### Extracted records:
⟨

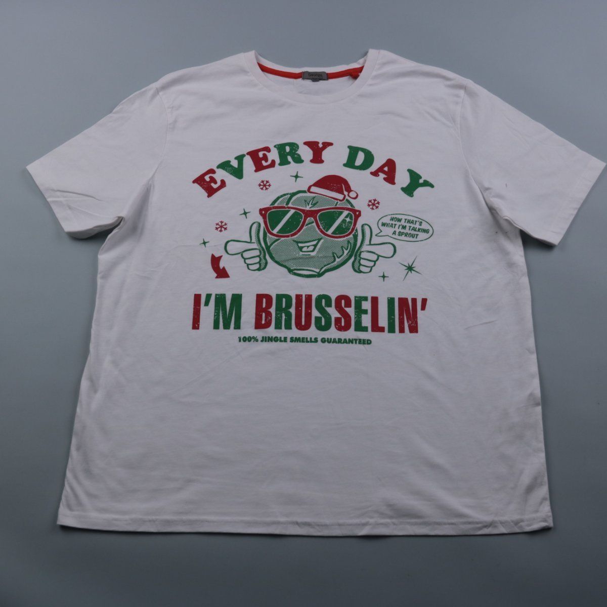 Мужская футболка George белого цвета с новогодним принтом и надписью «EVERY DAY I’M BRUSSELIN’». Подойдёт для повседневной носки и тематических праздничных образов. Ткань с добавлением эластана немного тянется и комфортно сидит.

⟩
⟨

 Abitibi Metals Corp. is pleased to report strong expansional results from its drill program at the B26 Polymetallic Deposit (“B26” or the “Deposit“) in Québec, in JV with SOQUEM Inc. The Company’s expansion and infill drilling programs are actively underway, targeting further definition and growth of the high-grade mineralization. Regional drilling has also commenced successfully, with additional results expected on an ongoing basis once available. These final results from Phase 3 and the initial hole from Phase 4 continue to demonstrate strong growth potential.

⟩
⟨

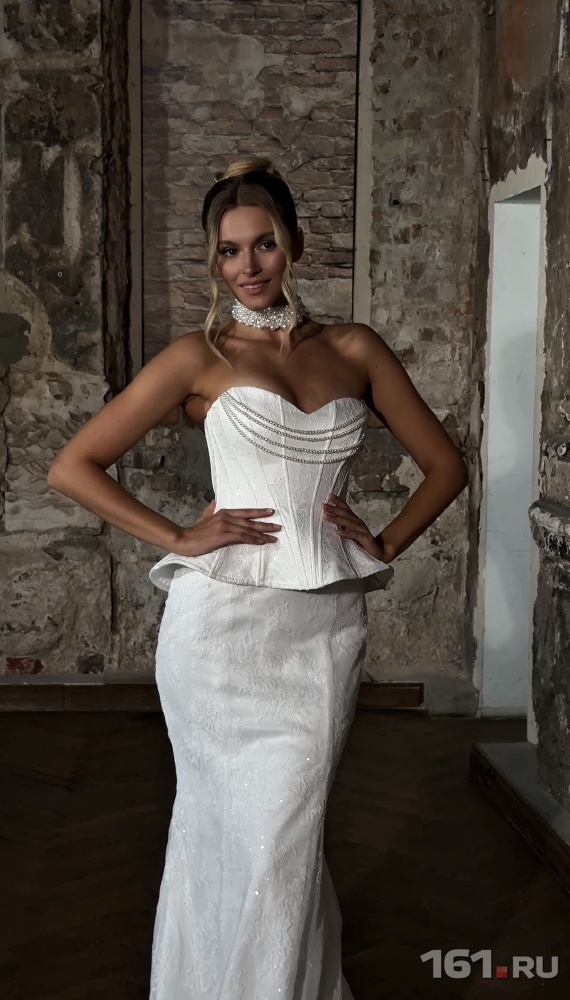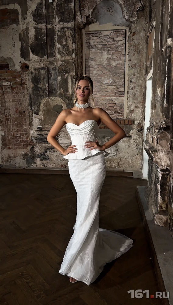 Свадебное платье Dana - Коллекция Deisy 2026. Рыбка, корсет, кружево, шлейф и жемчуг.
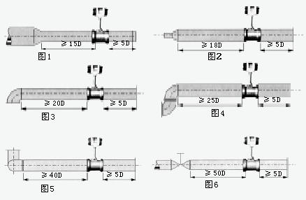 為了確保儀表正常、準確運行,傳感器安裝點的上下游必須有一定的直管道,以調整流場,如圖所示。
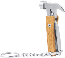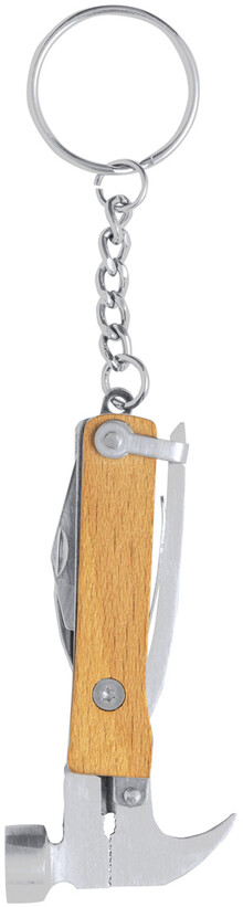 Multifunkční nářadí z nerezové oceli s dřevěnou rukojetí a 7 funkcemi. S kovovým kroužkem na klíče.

⟩

### Activity:
Copy exactly the part of the material above that opens with the line containing "Свадебное платье Dana" and closes with the line containing "Multifunkční nářadí z", ends included. Drop the images.

### Task response:
 Свадебное платье Dana - Коллекция Deisy 2026. Рыбка, корсет, кружево, шлейф и жемчуг.
 為了確保儀表正常、準確運行,傳感器安裝點的上下游必須有一定的直管道,以調整流場,如圖所示。
 Multifunkční nářadí z nerezové oceli s dřevěnou rukojetí a 7 funkcemi. S kovovým kroužkem na klíče.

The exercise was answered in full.